Ketua Panitia Imlek 2026, Albertus Budi Setiawan, menjelaskan bahwa Tahun Kuda Api dimaknai sebagai simbol kekuatan dan semangat. Kuda melambangkan keteguhan melangkah bersama Kristus, sementara Api diartikan sebagai kobaran semangat Roh Kudus untuk menghadirkan kebaikan di tengah masyarakat.

Tak hanya menjadi perayaan internal umat, momen ini juga menghadirkan pesan toleransi. Panitia membagikan paket takjil kepada warga Muslim di sekitar gereja sebagai wujud persaudaraan lintas iman. Di dalam gereja, anak-anak menerima angpau dan bingkisan khas Imlek, sementara suasana kebersamaan terasa hangat.

Hadir dalam kegiatan tersebut Kapolsek Gedongtengen AKP Yulianto yang mengapresiasi perayaan sebagai gambaran nyata moderasi beragama di Yogyakarta.

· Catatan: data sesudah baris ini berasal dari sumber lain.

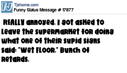 X   REALLY annoyed. I got asked to leave the supermarket for doing what one of their supid signs said: "Wet Floor." Bunch of retards.
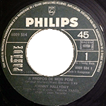 SP Philips 6009584 - A propos de mon père (imprimerie SNIC) (titres en rouge) A l'hôtel des cœurs brisés (titres en orange écriture grise sur label) (titres en orange écriture noire sur label) - 1975 - Pochette normale - Cotation: 30 € - Pochette orange - cotation: 60 € - Impression malgache sur vinyl vert pochette identique - cotation: 150 €SP Philips 6009664 - Hey lovely lady - La fille de l'été dernier (imprimerie SNIC) (pochette couleur gros logo) (pochette couleur petit logo) - 1975 - Pochette normale - Cotation: 30 € - Pochette orange - cotation: 100 € - Impression malgache sur vinyl vert pochette identique - cotation: 150 € SP Philips 6042042 - La terre promise - La première fois (2 labels différents) - 1975 - Pochette identique - Cotation: 30 € SP Philips 6042122 - Requiem pour un fou - Les chiens de paille - 1976 - Pochette identique - Cotation: 30 € SP Philips 6042160 - Derrière l'amour - Joue pas de Rock' n ' Roll pour moi - 1976 - Pochette identique - Cotation: 30 €
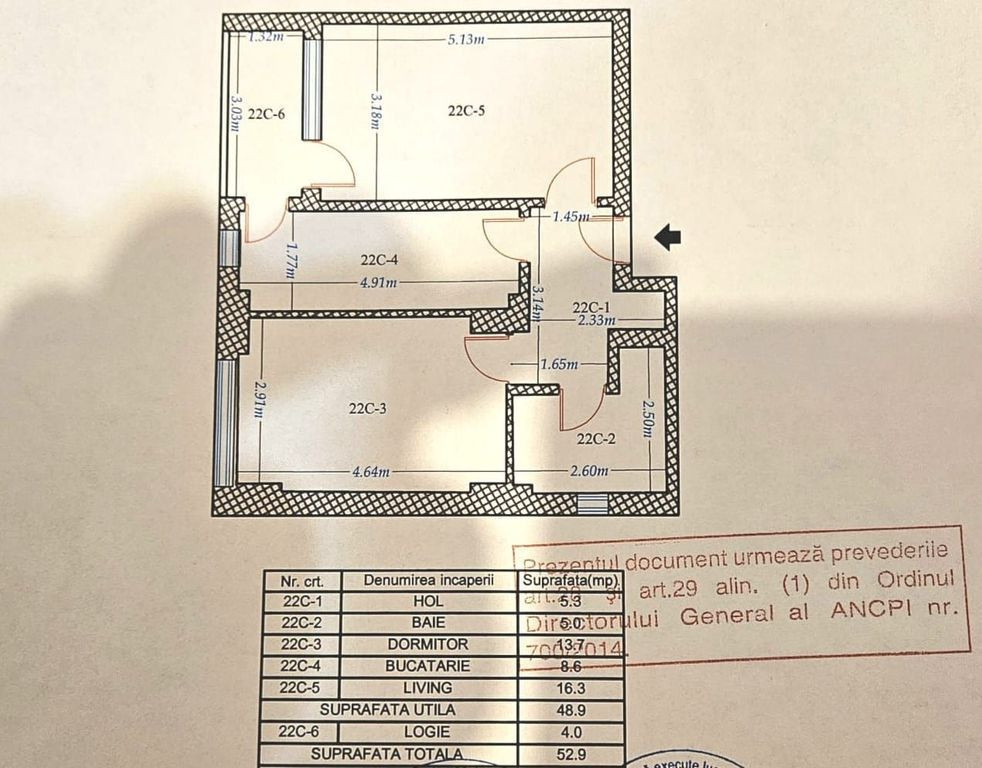 Suprafața utilă 53 m²
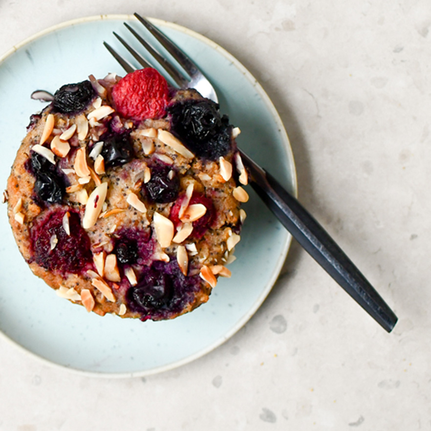 Muffins, zoet of juist hartig. Deze serveerde we in ons Bakerycafe Everyday maar ook te koop voor thuis. Deze zoete muffin is heerlijk zoet en fruitig door de blauwe bessen, frambozen en zwarte bessen. Voor nog meer smaak voegen we frisse citroenrasp en verse gember toe. Met wat crunchy amandelen om extra bite te geven. De muffin is op basis van amandelen en boekweit en zijn erg vullend
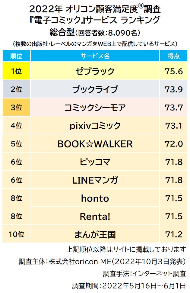 《調査概要》 2022年 オリコン顧客満足度®調査 電子コミックサービス
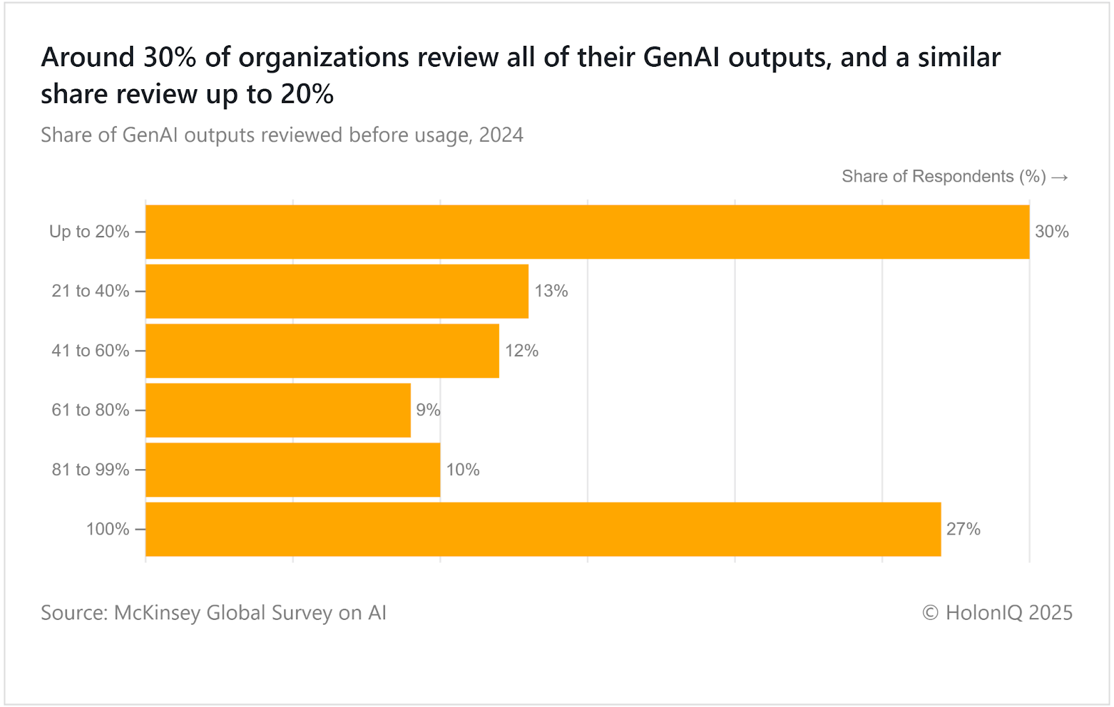 Organisations showed polarised GenAI output review in 2024, with 30% reviewing all outputs versus 27% reviewing none. Critical gaps persist due to a lack of organisational policies on AI and a lack of proper review frameworks. Universal frameworks emerged, such as NIST AI Risk Management Framework, EU AI Act, emphasising output validation, monitoring, and transparency. Organisations struggle with GenAI's "black box" nature in critical sectors, requiring cross-functional governance balancing innovation with accountability through risk-based frameworks.
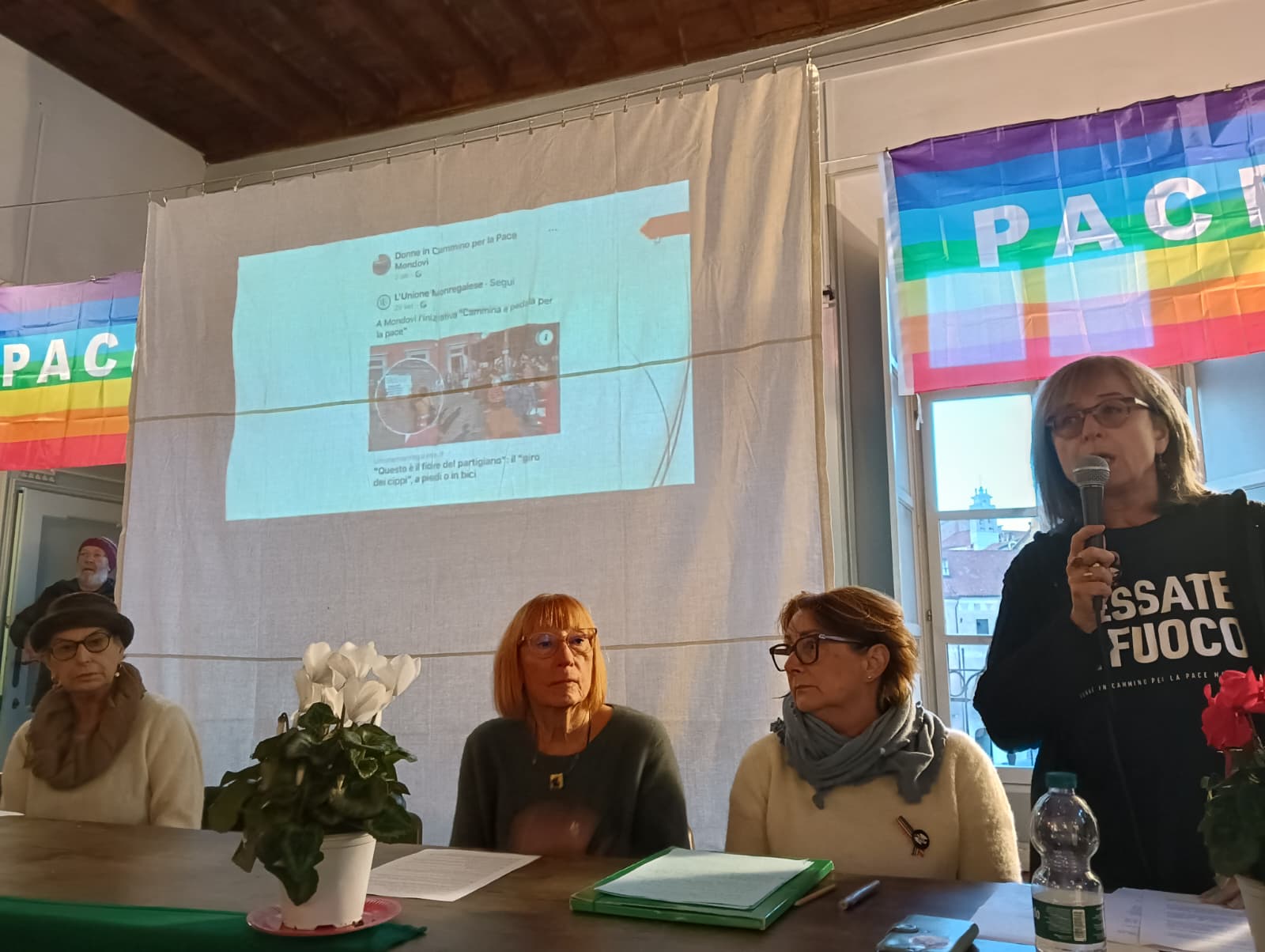 L’inaugurazione ha intrecciato arte e impegno civile. Le Donne in cammino hanno ricordato i lenzuoli della rotta migrante, le camminate e pedalate per la pace, la necessità di tornare in piazza ogni quindici giorni. “Non c’è pace senza giustizia sociale”, è stato ribadito, così come il dovere di non abituarsi all’orrore.

Ia menilai harmoni antara tradisi Tionghoa, liturgi Katolik, dan kepedulian sosial menjadi cerminan kerukunan yang terjaga.

Meski sempat diguyur hujan, perayaan berlanjut di halaman gereja dengan atraksi barongsai, liong, wushu, hingga pesta kembang api. Kemeriahan itu menutup perayaan Imlek di Kumetiran sebagai pesta budaya yang tetap berpijak pada nilai iman dan kebersamaan.